Exploring Dark Matter

Particle physics is a discipline within the field that studies the nature of the smallest detectable particles that make up matter and radiation. The Standard Model is the theory that explains what these particles are and how they interact with each other, and it was developed by scientists during the 1970s.

While the Standard Model explains a lot about the laws of physics, it isn’t able to explain all phenomena, which is why it can’t be considered a complete theory of fundamental interactions. For example, the Standard Model can’t account for dark matter.

“Roughly 80 percent of the matter of the universe is made up of material that we can’t directly observe and can’t be described by any particles within the framework of the Standard Model,” said Yue Zhao, assistant professor of physics, who recently joined the University of Utah in July.

“This mysterious missing component is known as dark matter, which neither interacts strongly with light nor atoms. Exploring the properties of dark matter is one of my research interests.”

Existence of Dark Matter

If we can’t actually see dark matter, how do we know it exists? Astrophysicists can calculate the mass distribution in large astrophysical systems in space such as our galaxy by studying the motion of stars. When scientists began studying spiral galaxies nearly 70 years ago, they expected to see stars near the center of a galaxy moving faster than at the outer edges. Instead, they found that stars both near the center and in outer areas traveled approximately at the same speed, which told them that galaxies contained more mass than could be seen. Additionally, massive objects in the universe bend and distort light, allowing them to act as a lens. By observing how galaxy clusters distort light, astronomers have been able to create a dark matter map in galaxy clusters.

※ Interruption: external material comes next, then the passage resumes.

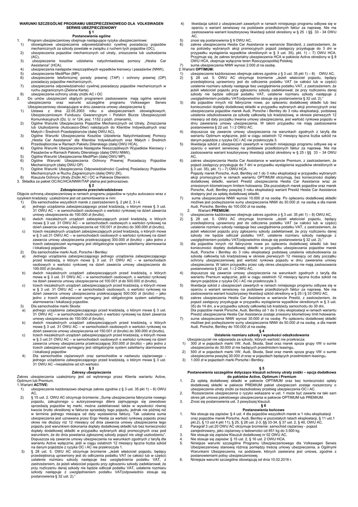 WARUNKI SZCZEGÓLNE PROGRAMU UBEZPIECZENIOWEGO DLA VOLKSWAGEN SERWIS UBEZPIECZENIOWY §1 Postanowienia ogólne 1. Program ubezpieczeniowy obejmuje następujące ryzyka ubezpieczeniowe: 1) obowiązkowe ubezpieczenia odpowiedzialności cywilnej posiadaczy pojazdów mechanicznych za szkody powstałe w związku z ruchem tych pojazdów (OC), 2) ubezpieczenia pojazdów mechanicznych od utraty, zniszczenia lub uszkodzenia (AC), 3) ubezpieczenie kosztów udzielania natychmiastowej pomocy „Hestia Car Assistance” (HCA), 4) ubezpieczenia następstw nieszczęśliwych wypadków kierowcy i pasażerów (NNW), 5) ubezpieczenie MediPlan (MP), 6) ubezpieczenie telefonicznej porady prawnej (TAP) i ochrony prawnej (OP) posiadaczy pojazdów mechanicznych, 7) ubezpieczenia odpowiedzialności cywilnej posiadaczy pojazdów mechanicznych w ruchu zagranicznym (Zielona Karta). 8) ubezpieczenie ochrony utraty zniżki AC i OC 2. Do umów ubezpieczeń objętych programem zastosowanie mają ogólne warunki ubezpieczenia oraz warunki szczególne programu Volkswagen Serwis Ubezpieczeniowy obowiązujące w dniu zawarcia umowy ubezpieczenia tj: 1) Ustawa z dnia 22.05.2003 roku o ubezpieczeniach obowiązkowych, Ubezpieczeniowym Funduszu Gwarancyjnym i Polskim Biurze Ubezpieczycieli Komunikacyjnych (Dz. U. nr 124, poz. 1152 z późń. zmianami), 2) Ogólne Warunki Ubezpieczenia Pojazdów Mechanicznych od Utraty, Zniszczenia lub Uszkodzenia (Autocasco-Diler) należących do Klientów Indywidualnych oraz Małych i Średnich Przedsiębiorców (dalej OWU AC), 3) Ogólne Warunki Ubezpieczenia Kosztów Udzielenia Natychmiastowej Pomocy „Hestia Car Assistance” dla Klientów Indywidualnych oraz Małych i Średnich Przedsiębiorców w Ramach Pakietu Dilerskiego (dalej OWU HCA), 4) Ogólne Warunki Ubezpieczenia Następstw Nieszczęśliwych Wypadków Kierowcy i Pasażerów w Ramach Pakietu Dilerskiego (dalej OWU NNW), 5) Ogólne Warunki Ubezpieczenia MediPlan (dalej OWU MP), 6) Ogólne Warunki Ubezpieczenia Ochrony Prawnej Posiadaczy Pojazdów Mechanicznych (dalej OWU OP) 7) Ogólne Warunki Ubezpieczenia Odpowiedzialności Cywilnej Posiadaczy Pojazdów Mechanicznych w Ruchu Zagranicznym (dalej OWU ZK), 8) Klauzula Ochrony Utraty Zniżki AC i OC w Pakiecie Dilerskim. 3. Składka za pakiet OC/AC/HCA/NNW/TAP płatna jest jednorazowo. §2 Zabezpieczenia przeciwkradzieżowe Objęcie ochroną ubezpieczeniową w ramach programu pojazdów w ryzyku autocasco wraz z ryzykiem kradzieży uzależnione jest od zamontowania w nim: 1) Dla samochodów wszystkich marek z zastrzeżeniem §. 2 pkt 2, 3 i 4. a) jednego urządzenia zabezpieczającego przed kradzieżą, o którym mowa § 3 ust. 31 OWU AC – w samochodach osobowych o wartości rynkowej na dzień zawarcia umowy ubezpieczenia do 100.000 zł (brutto), b) dwóch niezależnych urządzeń zabezpieczających przed kradzieżą, o których mowa § 3 ust. 31 OWU AC – w samochodach osobowych o wartości rynkowej na dzień zawarcia umowy ubezpieczenia od 100.001 zł (brutto) do 300.000 zł (brutto), c) trzech niezależnych urządzeń zabezpieczających przed kradzieżą, o których mowa w § 3 ust.31 OWU AC – w samochodach osobowych o wartości rynkowej na dzień zawarcia umowy ubezpieczenia przekraczającej 300.000 zł (brutto) – jako jedno z trzech zabezpieczeń wymagany jest obligatoryjnie system satelitarny alarmowania i lokalizacji pojazdów. 2) Dla samochodów marki Audi, Porsche i Bentley: a) Jednego urządzenia zabezpieczającego jednego urządzenia zabezpieczającego przed kradzieżą, o którym mowa § 3 ust. 31 OWU AC – w samochodach osobowych o wartości rynkowej na dzień zawarcia umowy ubezpieczenia do 100.000 zł (brutto), b) dwóch niezależnych urządzeń zabezpieczających przed kradzieżą, o których mowa w § 3 ust. 31 OWU AC – w samochodach osobowych, o wartości rynkowej na dzień zawarcia umowy ubezpieczenia od 100.001 zł do 500.000 zł (brutto), c) trzech niezależnych urządzeń zabezpieczających przed kradzieżą, o których mowa w § 3 ust. 31 OWU AC – w samochodach osobowych, o wartości rynkowej na dzień zawarcia umowy ubezpieczenia przekraczającej 500.000 zł (brutto) – jako jedno z trzech zabezpieczeń wymagany jest obligatoryjnie system satelitarny, alarmowania i lokalizacji pojazdów. 3) Dla samochodów marki Skoda: a) jednego urządzenia zabezpieczającego przed kradzieżą, o którym mowa § 3 ust. 31 OWU AC – w samochodach osobowych o wartości rynkowej na dzień zawarcia umowy ubezpieczenia do 150.000 zł (brutto), b) dwóch niezależnych urządzeń zabezpieczających przed kradzieżą, o których mowa § 3 ust. 31 OWU AC – w samochodach osobowych o wartości rynkowej na dzień zawarcia umowy ubezpieczenia od 150.001 zł (brutto) do 300.000 zł (brutto), c) trzech niezależnych urządzeń zabezpieczających przed kradzieżą, o których mowa w § 3 ust.31 OWU AC – w samochodach osobowych o wartości rynkowej na dzień zawarcia umowy ubezpieczenia przekraczającej 300.000 zł (brutto) – jako jedno z trzech zabezpieczeń wymagany jest obligatoryjnie system satelitarny alarmowania i lokalizacji pojazdów 4) Dla samochodów ciężarowych oraz samochodów w nadwoziu ciężarowego jednego urządzenia zabezpieczającego przed kradzieżą, o którym mowa § 3 ust. 31 OWU AC –niezależnie od ich wartości. §3 Zakresy ubezpieczenia Zakres ubezpieczenia uzależniony jest od wybranego przez Klienta wariantu Active, Optimum lub Premium. 1. Wariant ACTIVE: 1) ubezpieczenie każdorazowo obejmuje zakres zgodnie z § 3 ust. 35 pkt 1) – 8) OWU AC, 2) § 15 ust. 2. OWU AC otrzymuje brzmienie: „Sumę ubezpieczenia fabrycznie nowego pojazdu, zakupionego u autoryzowanego dilera zajmującego się zawodowo sprzedażą pojazdów tej marki, można zadeklarować także w wysokości równej kwocie brutto określonej w fakturze sprzedaży tego pojazdu, jednak nie później niż w terminie jednego miesiąca od daty wystawienia faktury. Tak ustalona suma

In the Standard Model, the familiar matter of the universe is composed of protons and neutrons, called baryonic matter. Most scientists think that dark matter is composed of non-baryonic matter, but their weak interactions with normal matter make them difficult to detect.

“One of the things I love about studying dark matter is that it requires creativity,” said Zhao. “Some scientists have spent decades looking for a particular type of dark matter particle without much success. If you’re studying dark matter, you have to keep an open mind and find new methods to look for it.”

LIGO Collaboration

One method that interests Zhao is the use of a gravitational wave detector, such as the detectors used at the Laser Interferometer Gravitational- Wave Observatories (LIGO), located in Hanford, Washington, and Livingston, Louisiana. The LIGO Scientific Collaboration is a group of scientists focused on detecting gravitational waves and using them to explore the physics of gravity. The group

seeks to develop gravitational wave science as a tool to understand astronomy. “While a gravitational wave detector is designed to look for gravitational waves, it also serves as a perfect detector to help find a particular type of dark matter,” said Zhao. “We may find dark matter by using LIGO and by implementing a new data analysis strategy.”

Zhao’s love of physics began when he read A Brief History of Time: From the Big Bang to Black Holes by Stephen Hawking. “This is such a great book, and it explains so many deep and fantastic physics concepts with language that can easily be understood by a non-scientist,” said Zhao. “The laws of nature are beautifully described in the book, and I must have reread some of these sections at least five times.”

Moving to the U.S.

Although Zhao learned some physics as a child, he didn’t begin studying it formally until he was a teenager. Later, he tackled advanced physics at Peking University and moved to Rutgers University to pursue a Ph.D. “When I first arrived at Rutgers, I didn’t really have a clear idea of what I wanted to do,” said Zhao. “I started working with my thesis advisor by accident, and I was lucky that my research interests and his matched perfectly.”

As a newcomer to Utah, Zhao is impressed with its natural beauty. He likes hiking and is looking forward to visiting all of Utah’s national parks. He also wants to get better at skiing. He credits his colleagues with making him feel welcome at the U, and he’s taken advantage of the resources available on campus, especially the services for non-native speakers.

As Zhao moves forward in his research, he hopes to build his own LIGO team at the U. “Having a world- class dark matter team to collaborate with LIGO and develop new ideas would be a dream come true,” he said.